La idea de la víctima culpable y con ello la idea de las zonas grises de que habla Primo
Levi en su famoso texto sobre “los hundidos y los salvados” en referencia sobre todo a
los Sonderkomandos y los Kapos, figuras que hacían parte importante de esas fábricas
de la muerte en que consistían los campos de exterminio de los Nazis, como ejemplo
paradigmático de victimización vertical, les molestan a quienes como el filósofo
español Reyes Mate han hecho de la inocencia un elemento de la definición de víctima.
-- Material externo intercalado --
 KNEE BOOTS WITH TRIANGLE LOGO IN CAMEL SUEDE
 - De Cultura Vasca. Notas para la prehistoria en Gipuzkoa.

La idea de la víctima culpable estorba la posibilidad de que a través de la purificación
de roles se santifique a la víctima y se demonice al victimario como sin duda lo
prefiere el derecho penal, en cuanto regido por lógicas binarias en su producción de
sentencias. La purificación de los roles del victimario y la víctima facilita la imputación
de las responsabilidades legales y extralegales tanto a los individuos como a los
grupos, pero con frecuencia paga por ello un precio político muy alto: estimula la
polarización.
Pero piensan, además, aquellos que denigran de la zonas grises que quienes con la
intención de mostrar la complejidad de las identidades morales de quienes inter-
actúan en contextos de dictadura o de guerra llaman la atención sobre la frecuencia y
los distintos grados y maneras en que los roles del victimario y de la víctima se
colapsan en una misma persona o en un mismo grupo, lo hacen únicamente para
legitimar a los victimarios a través de convertir a las víctimas en cómplices de sus
propia destrucción. En ese sentido, no resulta casual que en su momento haya sido tan
profundo el rechazo de la comunidad judía a los esfuerzos de Hannah Arendt por
poner sobre la mesa de discusión el asunto de los Judenraete de Hungría en su famoso
texto sobre Eichman en Jerusalen. Al gobierno del naciente Estado de Israel y a sus
apoyos en la diáspora, interesados como estaban en dotar a los nuevos ciudadanos de
una identidad heroica para resistir la hostilidad del entorno político, les resultaba
intolerable que Arendt, con ocasión del juicio de Eichman, visibilizara el asunto de la
colaboración de algunas víctimas prominentes con sus victimarios. A H. Arendt le
puede haber faltado tacto y hasta información factual suficiente cuando hizo alguno de
sus juicios sobre materias tan controversiales como esa, pero el asunto era real y en
cualquier caso su intención al abordarlo no fue la de ensañarse con los líderes de la
comunidad judía en Europa oriental y justificar a los victimarios. Se piensa, así mismo
y en parte con razón, que el énfasis en la inocencia contribuye a liberar a las víctimas
sobrevivientes del Holocausto y de experiencias análogas del sentimiento con
frecuencia irredimible de culpa que les queda por haber salido con vida del infierno a
costa de o por haber sido menos decentes que sus compañeros de desgracia.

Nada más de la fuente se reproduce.